** Dataset excerpts **
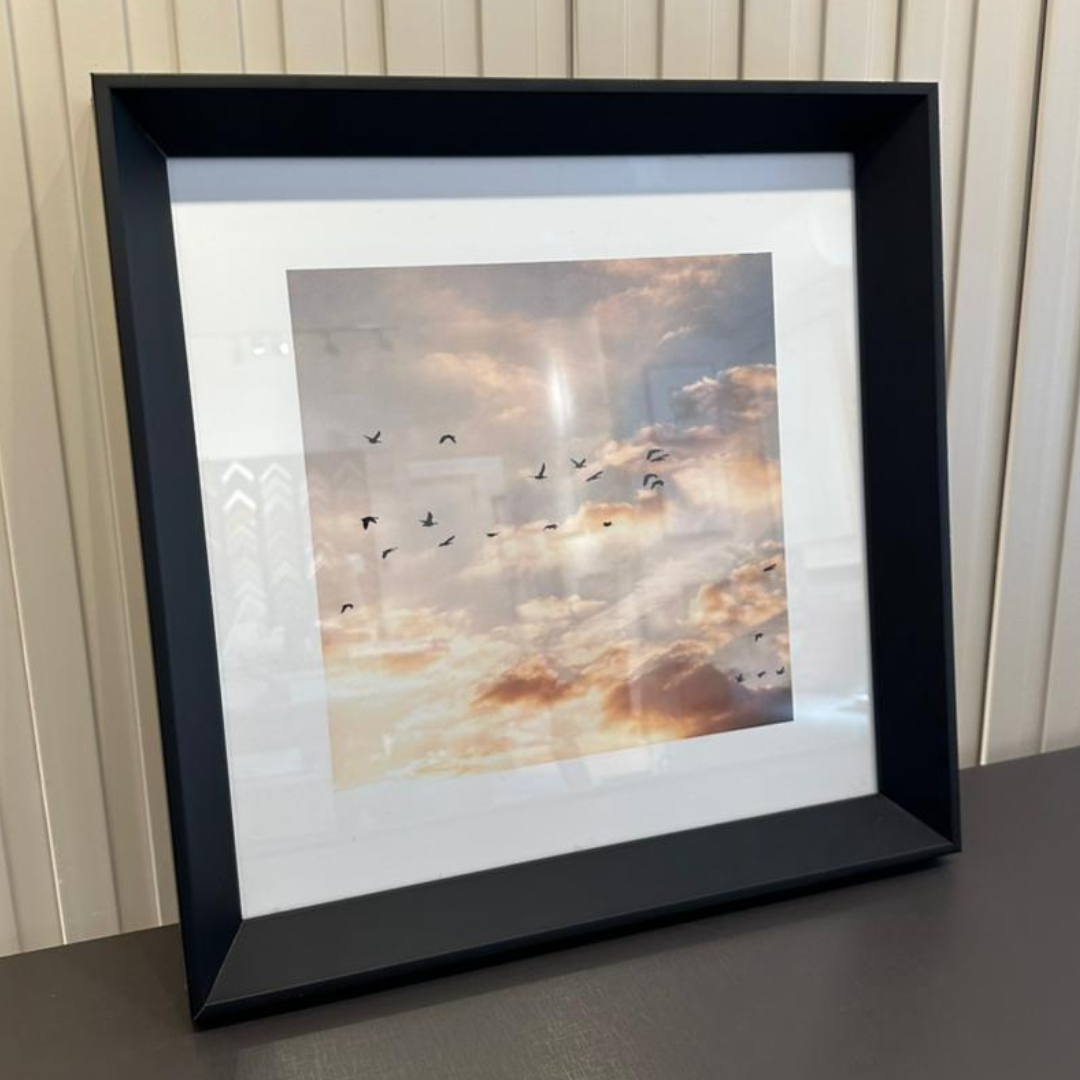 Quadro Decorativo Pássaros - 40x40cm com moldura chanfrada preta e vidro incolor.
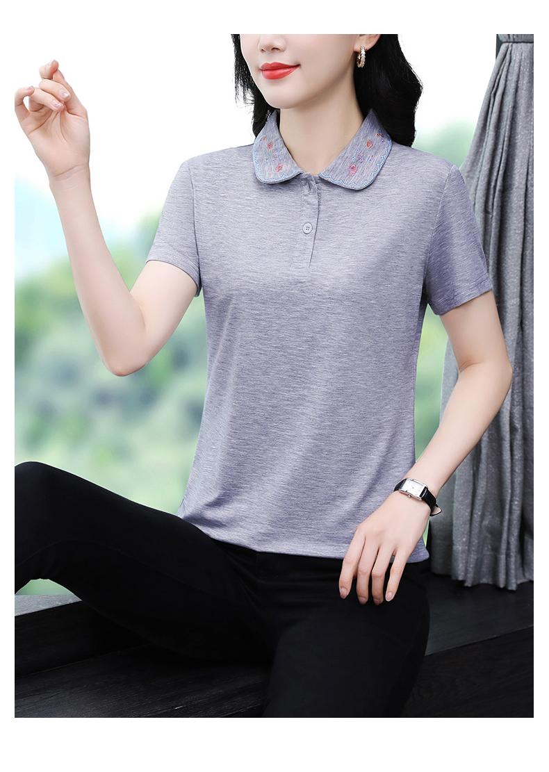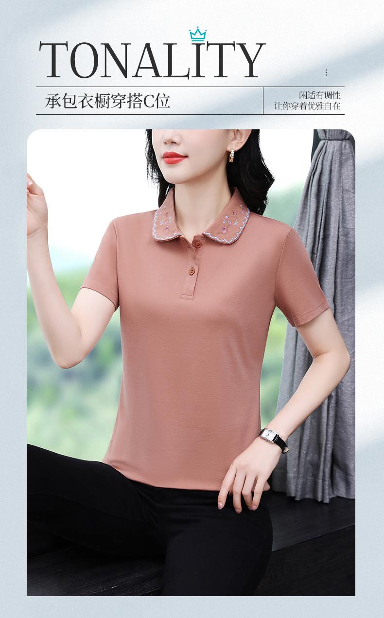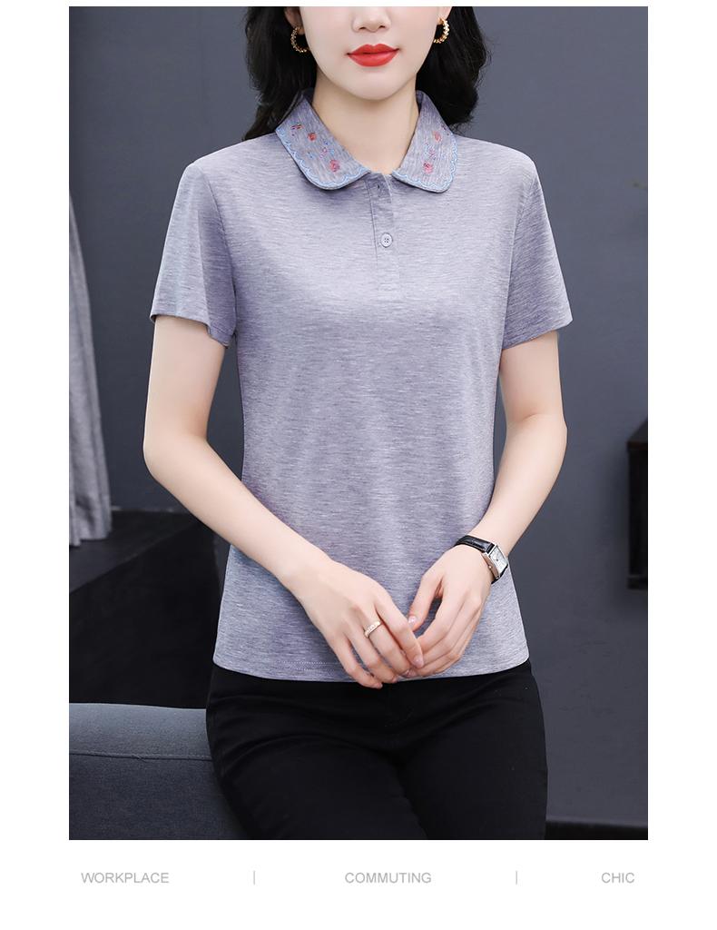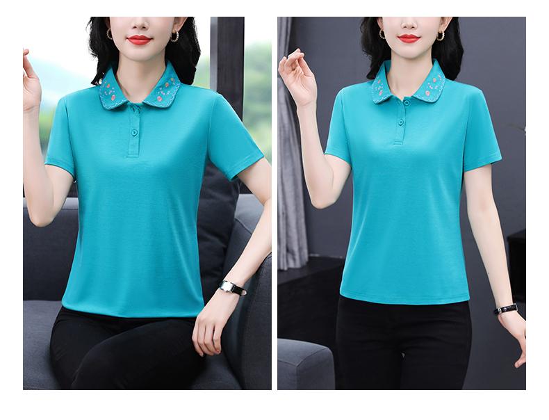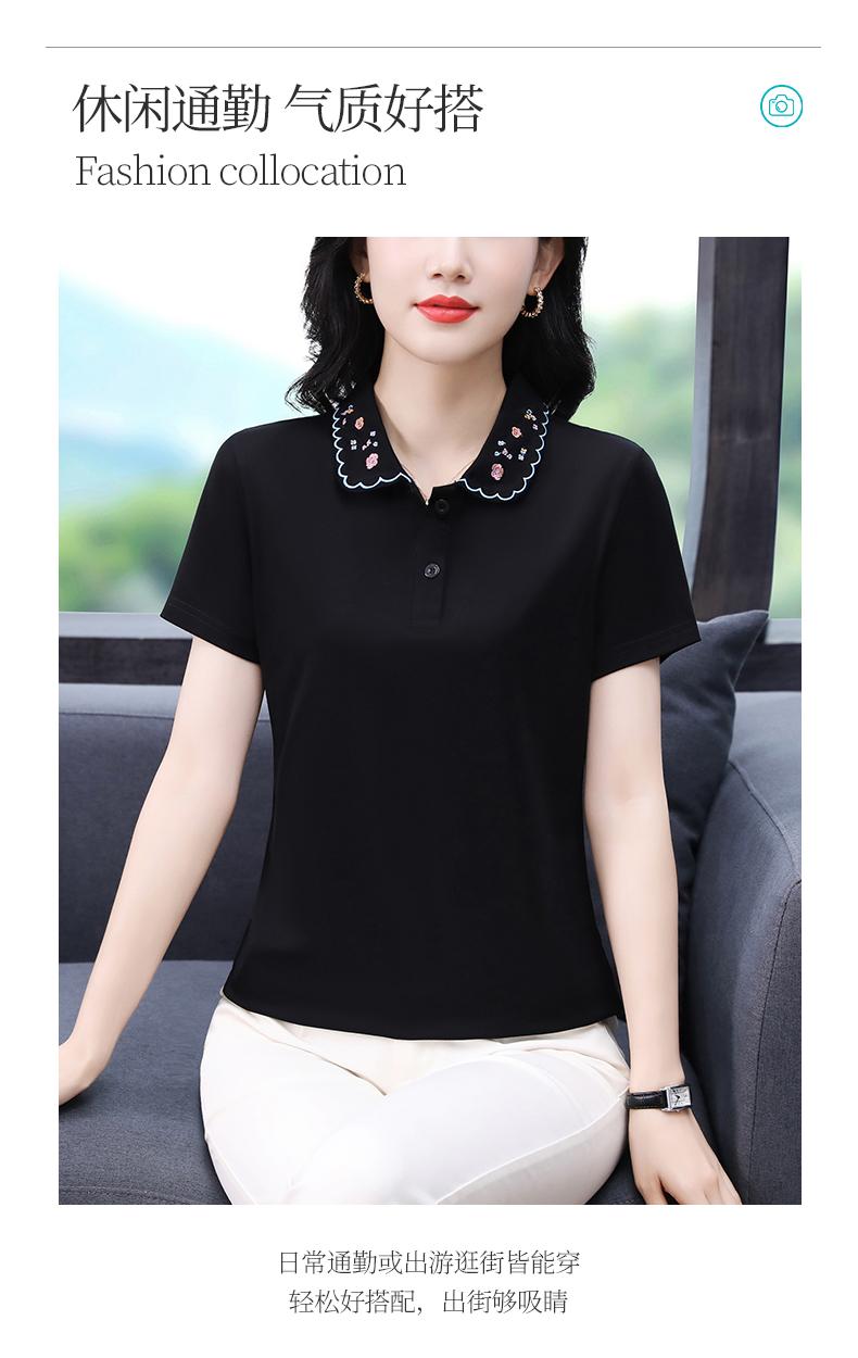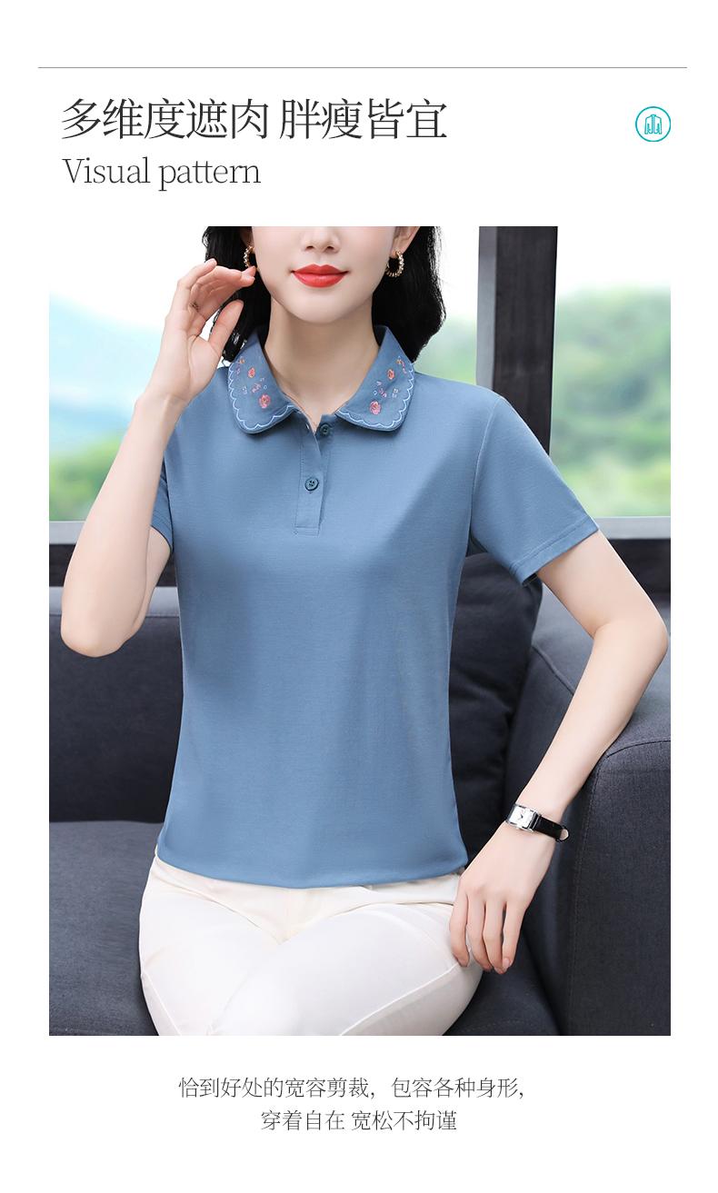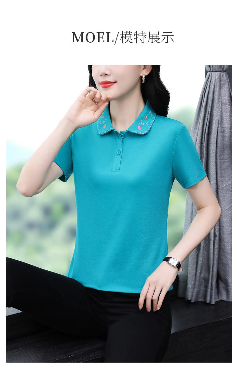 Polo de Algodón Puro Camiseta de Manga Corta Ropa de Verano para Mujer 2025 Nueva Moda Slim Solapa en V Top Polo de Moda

==

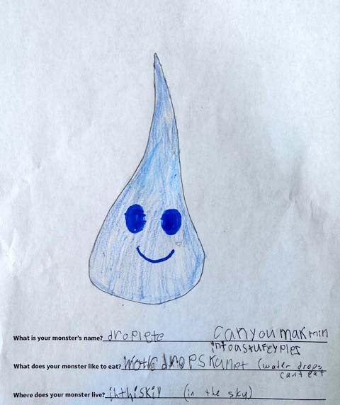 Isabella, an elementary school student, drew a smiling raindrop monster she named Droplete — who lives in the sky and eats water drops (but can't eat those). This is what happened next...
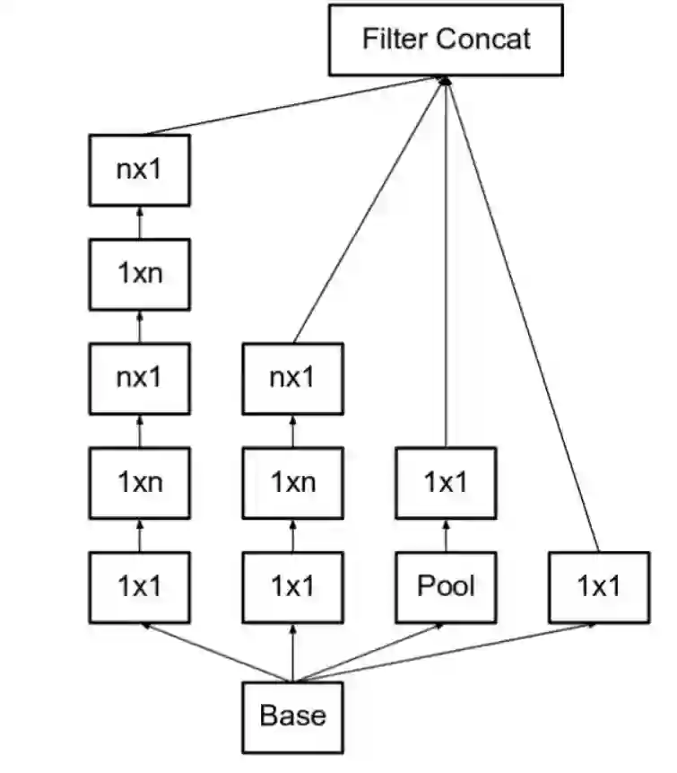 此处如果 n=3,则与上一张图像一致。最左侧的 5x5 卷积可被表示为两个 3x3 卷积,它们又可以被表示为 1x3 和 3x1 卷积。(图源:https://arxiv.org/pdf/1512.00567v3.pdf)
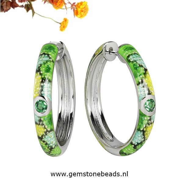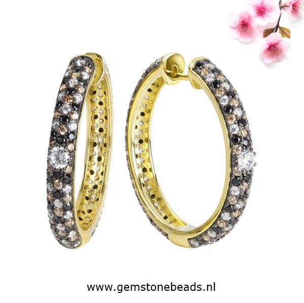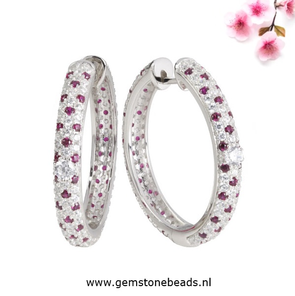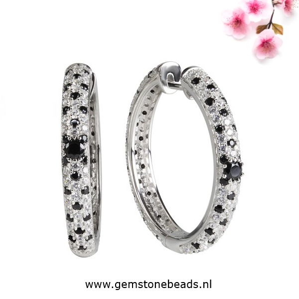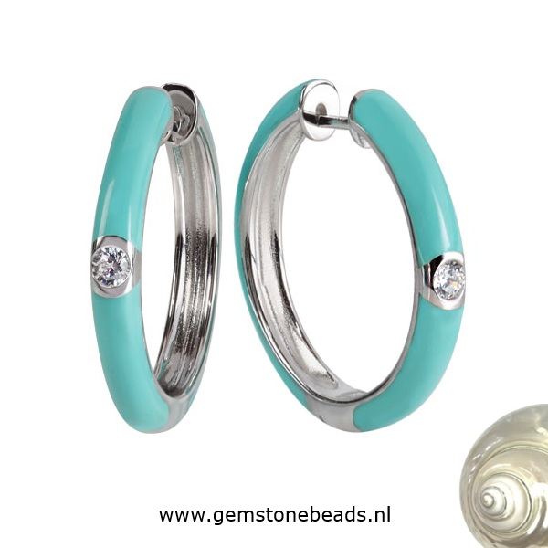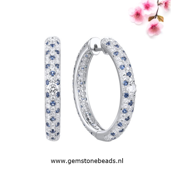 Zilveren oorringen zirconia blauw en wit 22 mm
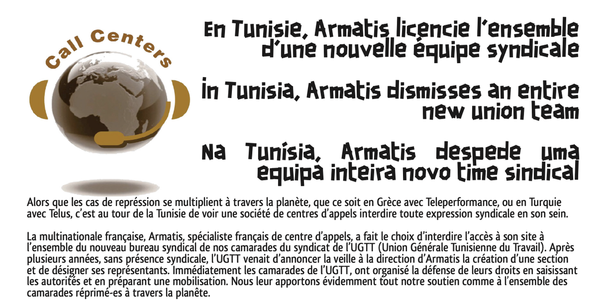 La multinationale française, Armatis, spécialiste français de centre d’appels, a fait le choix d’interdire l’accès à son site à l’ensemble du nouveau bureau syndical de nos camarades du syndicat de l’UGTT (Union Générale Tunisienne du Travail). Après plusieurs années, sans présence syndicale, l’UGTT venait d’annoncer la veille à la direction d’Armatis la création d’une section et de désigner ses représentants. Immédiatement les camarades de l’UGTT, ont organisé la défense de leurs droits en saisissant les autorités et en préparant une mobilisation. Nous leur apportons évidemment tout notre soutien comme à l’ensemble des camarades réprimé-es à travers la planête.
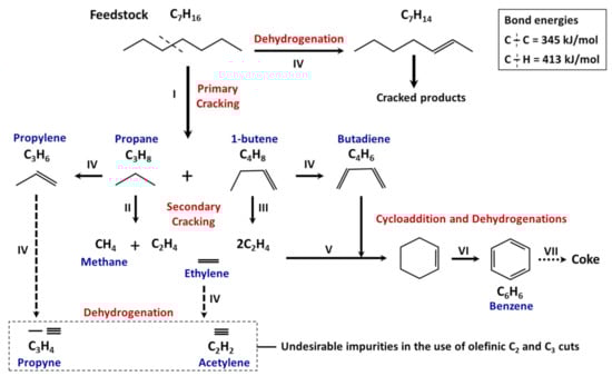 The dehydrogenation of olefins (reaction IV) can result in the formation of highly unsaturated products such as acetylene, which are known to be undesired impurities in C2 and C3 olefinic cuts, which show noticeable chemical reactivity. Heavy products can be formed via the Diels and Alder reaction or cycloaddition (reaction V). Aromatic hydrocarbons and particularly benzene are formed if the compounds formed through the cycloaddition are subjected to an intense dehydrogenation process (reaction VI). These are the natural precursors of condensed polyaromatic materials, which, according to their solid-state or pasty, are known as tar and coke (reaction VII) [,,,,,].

** Exercise aim **
Skip every picture, and restate word for word only the lines above from the line containing "Isabella, an elementary" to the line containing "Zilveren oorringen zirconia", both of them included.

** Answer box **
 Isabella, an elementary school student, drew a smiling raindrop monster she named Droplete — who lives in the sky and eats water drops (but can't eat those). This is what happened next...
 此处如果 n=3,则与上一张图像一致。最左侧的 5x5 卷积可被表示为两个 3x3 卷积,它们又可以被表示为 1x3 和 3x1 卷积。(图源:https://arxiv.org/pdf/1512.00567v3.pdf)
 Zilveren oorringen zirconia blauw en wit 22 mm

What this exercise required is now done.